Franceinfo a listé au moins huit autres affaires dans lesquelles le nom de Francis Heaulme, 55 ans, a été cité ou pour lesquelles il a été renvoyé devant la justice. Le meurtre des petits Cyril et Alexandre à Montigny, le 28 septembre 1986, en fait partie.
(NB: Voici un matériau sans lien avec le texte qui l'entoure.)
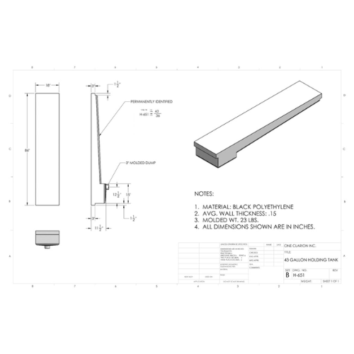 The Custom Roto-Mold 43 Gallon RV Holding Tank (Part# H-651) is engineered for reliability and longevity in RVs, trailers, food trucks, and other mobile storage applications. With its elongated low-profile design, it fits well in tight undercarriage spaces or shallow compartments.

C'est à partir des traces laissées sur son passage que l'ex-gendarme Jean-François Abgrall, aujourd'hui détective privé, reconstitue son parcours macabre : séjours dans des foyers Emmaüs, hospitalisations à répétition, procès-verbaux pour défaut de billet dans le train, contrôles pour ivresse sur la voie publique et bagarres... Le vagabond alcoolique ne prend guère de précautions pour passer inaperçu. Entre 1984 et 1992, la cellule de gendarmerie chargée de retracer son itinéraire le repère dans 400 endroits différents.
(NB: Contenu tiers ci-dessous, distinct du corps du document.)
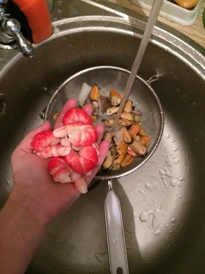 Креветки оказались вовсе не креветками, а формованными крабовыми палочками. По словам автора фото, в замороженном виде крабовые палочки выглядели совсем как креветки, тем более они плохо просматривались через упаковку.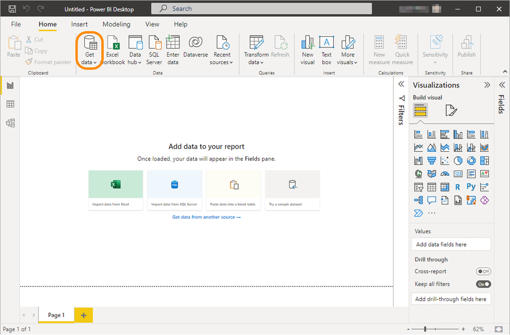 Power BI Desktop is required which can be downloaded from this link. Once Power BI Desktop is downloaded and installed, create a new dashboard template:

"Il est trop facile de lui coller sur le dos tous les crimes"

"A l'époque, j'avais des crises, je sentais ça monter en moi. Je marchais vite. Personne ne pouvait me suivre, je peux marcher des jours entiers..." confie Francis Heaulme à Jean-François Abgrall. "Francis Heaulme est en perpétuel mouvement. C'est presque impensable : entre les seuls mois d'avril et mai de l'année 1990, il est passé à Cambrai, Lunéville, Metz, Pont-à-Mousson, Verdun, Lens, Berck-sur-Mer, Trouville-sur-Mer, Mortain, Lanmeur, Lorient, Tarnos et Bayonne", énumère l'enquêteur dans son livre Dans la tête du tueur (Albin Michel). 
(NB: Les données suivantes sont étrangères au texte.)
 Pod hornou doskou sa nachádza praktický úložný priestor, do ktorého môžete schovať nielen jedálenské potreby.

Partout en France, des enquêteurs relancent des affaires inexpliquées en tentant de vérifier le parcours de Francis Heaulme. Après le premier meurtre pour lequel Francis Heaulme est confondu, celui d'Aline Peres en mai 1989 près de Brest (Finistère), une cinquantaine d'affaires non résolues sont ressorties pour des comparaisons.

Francis Heaulme lors de la reconstitution du double meurtre de Montigny-lès-Metz (Moselle), le 3 octobre 2006. 
Francis Heaulme lors de la reconstitution du double meurtre de Montigny-lès-Metz (Moselle), le 3 octobre 2006.  ( MAXPPP)

Le colosse dégingandé avoue certains crimes, avant de se rétracter. Brouille les pistes, mélange les affaires, dessine des croquis très précis des scènes de crime. Il s'accuse parfois à tort, comme pour le meurtre d'un ancien légionnaire à Courthézon (Vaucluse) en 1989. L'enquête a permis d'établir qu'il ne pouvait pas être présent sur les lieux. Pour son ex-avocat, Pierre Gonzalez de Gaspard*, "il est trop facile de vouloir lui coller sur le dos tous les crimes commis ces dernières années sur les routes de France".

* Pierre Gonzalez de Gaspard est mort en août 2014, quatre mois après la première publication de cet article.